We've been buying their spices since hearing how good they are compared to the bland stuff in the stores.  I heartily agree!!!   Hubby ordered more recently and got their taco seasoning.  I really like Taco Bell's seasoning, but after tasting this, I'd say it's as good if not even better.

They usually send a small jar free with a good order; today it is Italian seasoning.  Very tasty, also!!


----------



## Cheska (Oct 30, 2013)

I've been ordering from Penzey's for years - and you absolutely correct; their quality is exceptional.  I usually order in the ziplock kind of bags they send as I have my own jars.  I then store what I do not fill my jars with, in my freezer in a big ziplock that holds them all - that way they don't get stale and loose their "ooomph."  Have you tried their Vietnamese cinnamon?  If you like cinnamon, this is exceptional.


----------



## Anne (Oct 30, 2013)

Cheska said:


> I've been ordering from Penzey's for years - and you absolutely correct; their quality is exceptional.  I usually order in the ziplock kind of bags they send as I have my own jars.  I then store what I do not fill my jars with, in my freezer in a big ziplock that holds them all - that way they don't get stale and loose their "ooomph."  Have you tried their Vietnamese cinnamon?  If you like cinnamon, this is exceptional.

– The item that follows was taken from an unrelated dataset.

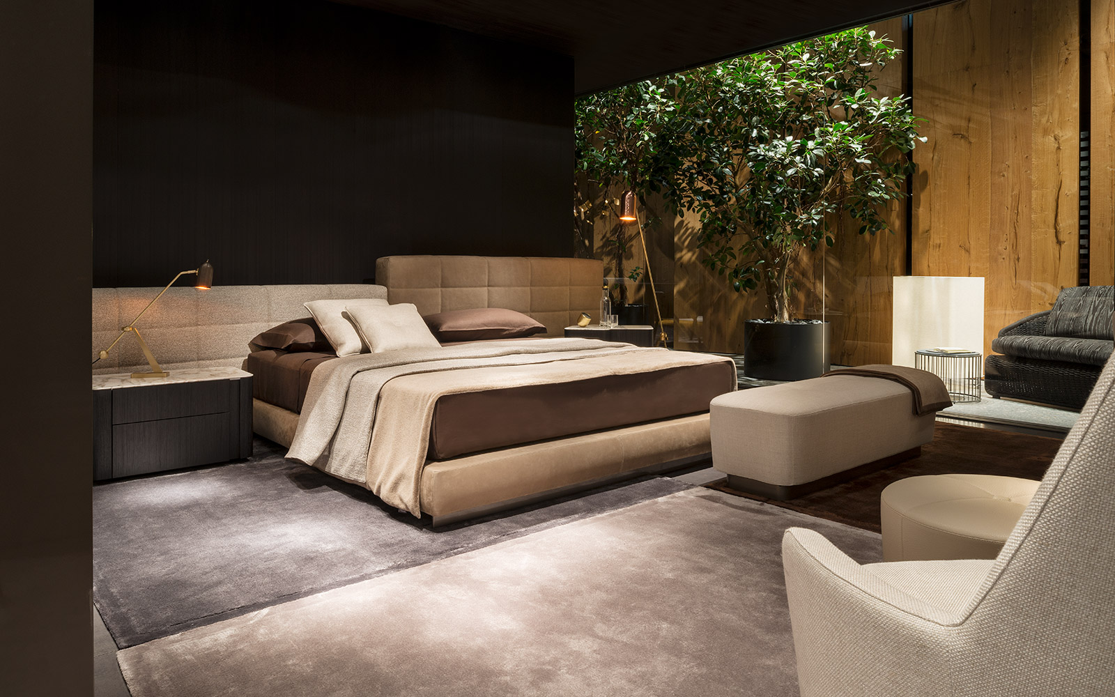 柔和的造型、紧凑的比例和具有视觉冲击力的细节呈现出精致的美学语言,金属基座采用淡铜色的表面设计。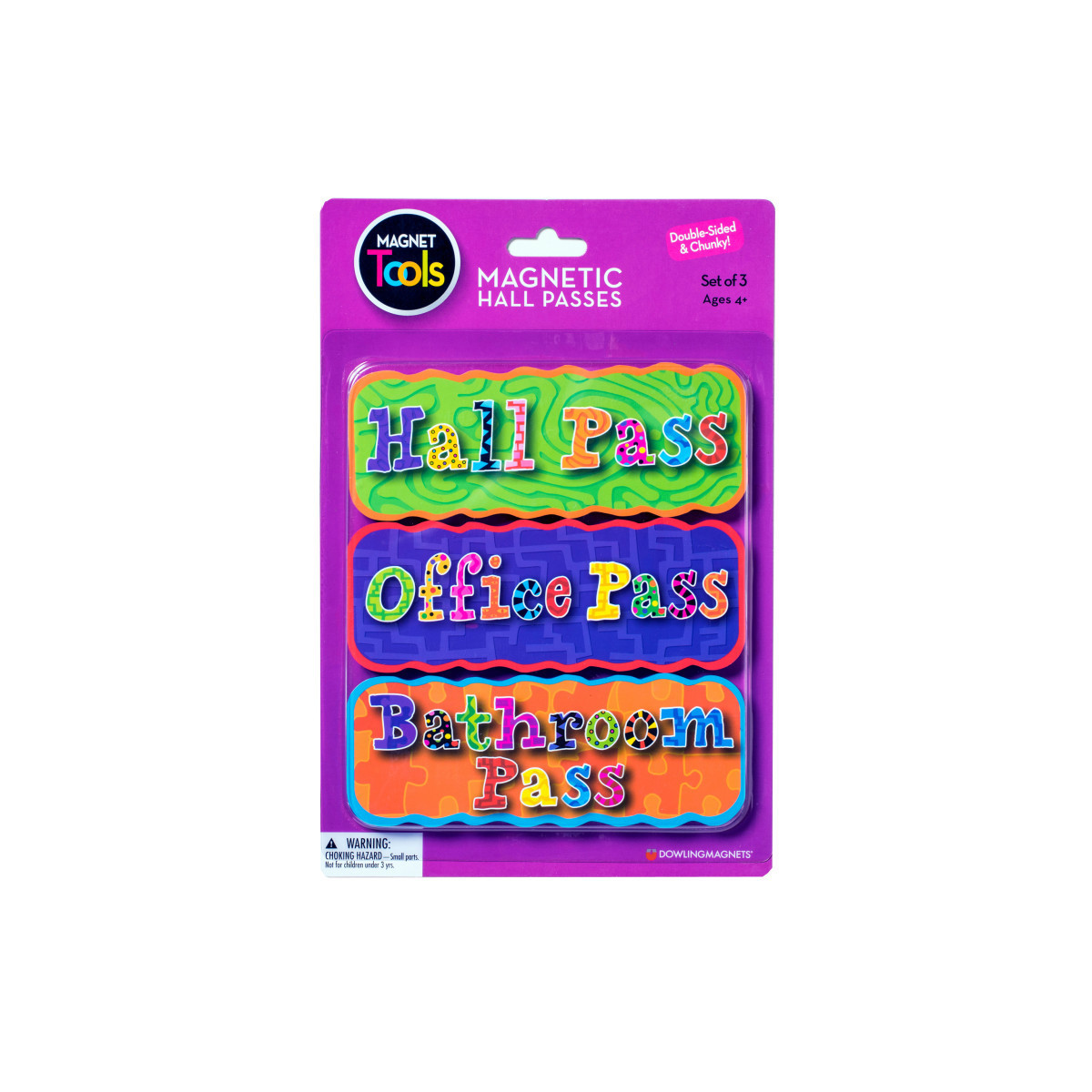 Say goodbye to flimsy hall passes that students lose! Chunky foam core makes these passes less "forgettable." Double-sided magnetic to store on your whiteboard, filing cabinet or door frame until called into action. Includes 3 passes: hall, office and bathroom. Passes measure 6" L x 2.25" W x 0.25" T each.

We have their cinnamon, which definitely is better than the store stuff, but didn't see the Vietnamese - thanks for the tip, and I'll order it next time.  Great idea about the bags; now that I have the jars, I'll try that next time!!


----------



## Ozarkgal (Oct 30, 2013)

There is a Penzy spice store in Dallas that I used to visit occasionally.  I am a spice nut and could go crazy broke in there.  Just the chili powders alone could send me into a cold sweat of indecision and fear of choosing one not too hot , not too mild, but just right.  It smelled so wonderful in there too.


----------



## Steve (Oct 30, 2013)

We have something like that up here called "The Bulk Barn" that has sooooo many items one can actually spend the afternoon browsing and still be bewildered..
I get my herbs, spices, wheat gluten flour, and almond flour there..


----------